Mr. Meacher: I cannot give a figure off the top of my head, but I might manage to work a fuller and clearer answer into a reply during our discussions.

I hope that my hon. Friend will be happy to withdraw the amendment on the basis of my remarks. He has drawn attention to an important problem and has suggested a reasonable solution. We shall propose what we think is the best solution.

Paddy Tipping: I am grateful to the Minister and to the hon. Member for Ceredigion for their comments. There is clearly a problem, and it has been acknowledged that the amendment provides a possible solution. Although I tabled it, I am not entirely confident that it takes the right approach. The Minister has offered to examine it and to suggest a better solution. I therefore beg to ask leave to withdraw the amendment.

Amendment, by leave, withdrawn.

Question proposed, That the clause stand part of the Bill.

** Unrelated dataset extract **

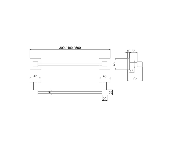Material: Este toallero de baño se fabrica en latón y acero ø16mm y 0.7mm de espesor con perfil cuadrado de 9 mm. Una mezcla ideal para asegurar durabilidad y elegancia.

Mr. Simon Thomas: I want to highlight a possible conflict between clauses 3 and 4. I am uncertain as to how the competent authorities will use the management scheme. The rest of the Bill suggests that any management scheme would be discussed and agreed with all the stakeholders. All the relevant authorities would be involved. There may be one lead authority—I presume that it would be the Countryside Council for Wales, and English Nature for England—but everyone would be equal nevertheless. As the Minister will know from the way in which work is done on the habitats directive and special areas of conservation, the modern approach is that everyone around the table feels equal. Although one body may take the lead, everyone has a stake.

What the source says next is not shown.